Why QAction is not adding to QMenu, if QMenu is unique_ptr?

2
votes

Code example:

auto fileMenu = std::make_unique<QMenu>(this->menuBar()->addMenu("First"));
fileMenu->addAction("AFirst");

auto x = this->menuBar()->addMenu("Second");
x->addAction("ASecond");

Results:

I have 2 menus in menubar, but in first menu - for some reason, there are NO actions. Second menu correctly has action.

I have tried different approaches, like, class-member pointers, and so on, but this is shortest possible example - QAction is missing, if QMenu is unique_ptr. Can anyone explain this for me? Parent window is QMainWindow, just in case.
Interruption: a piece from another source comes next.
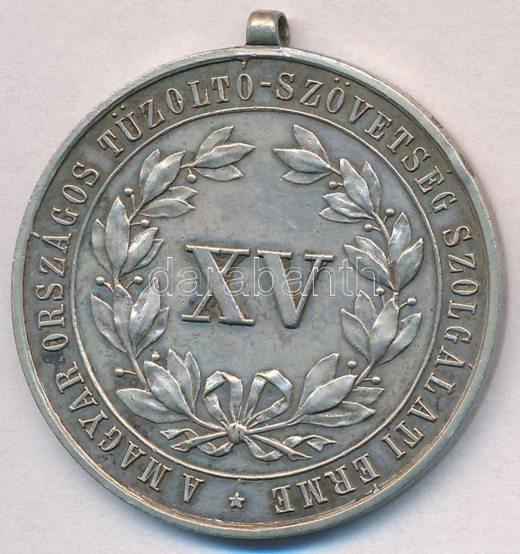 ~1920. "A Magyar Országos Tűzoltó Szövetség XV éves Szolgálati Érme" peremen jelzett ezüst kitüntetés függesztőkarika és mellszalag nélkül (16,19g/0.800/37mm) T:2
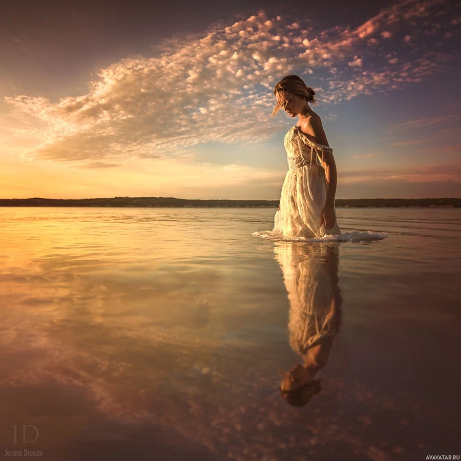 flowing garment that suggests it could be a dress or gown. The reflection of the woman on the water's surface creates a beautiful symmetry with her actual form, enhancing

System info: Win8.1 x64, Compiler is VS2013, Qt 5.4 x32.

1
c++qt
Hmm. I expect using std::unique_ptr for this to lead to a double delete since Qt will delete the child when the parent goes out of scope.drescherjm
You shouldn't wrap the QMenu in a unique_ptr; it is already managed by the menu bar.Carlton
QAction is not wrapped, QMenu is wrapped here.Starl1ght
Sorry, corrected. I was looking at the other overload for addMenu in the documentation, the one that returns a QAction.Carlton
Did your std::unique_ptr fileMenu go out of scope? Perhaps your fileMenu is already freed however still connected to the parent and you are experiencing UB.drescherjm

1 Answers

4
votes

In this line:

auto fileMenu = std::make_unique<QMenu>(this->menuBar()->addMenu("First"));

fileMenu becomes a new QMenu object (using this constructor). It's quite the same as:

std::unique_ptr<QMenu> fileMenu(new QMenu(this->menuBar()->addMenu("First")));

Then, you add an QAction to this temporary, new menu.

In the second case:

auto x = this->menuBar()->addMenu("Second");
x->addAction("ASecond");

x become a pointer to existing menu. That's the difference.

Anyway, usually you shouldn't hold QObjects using std::unique_ptr. In Qt, there is a convention that you form a tree from QObjects by assigning parent to each of them. The parent deletes it's children recursively and you shouldn't manage them manually or you may cause double free in some specific cases.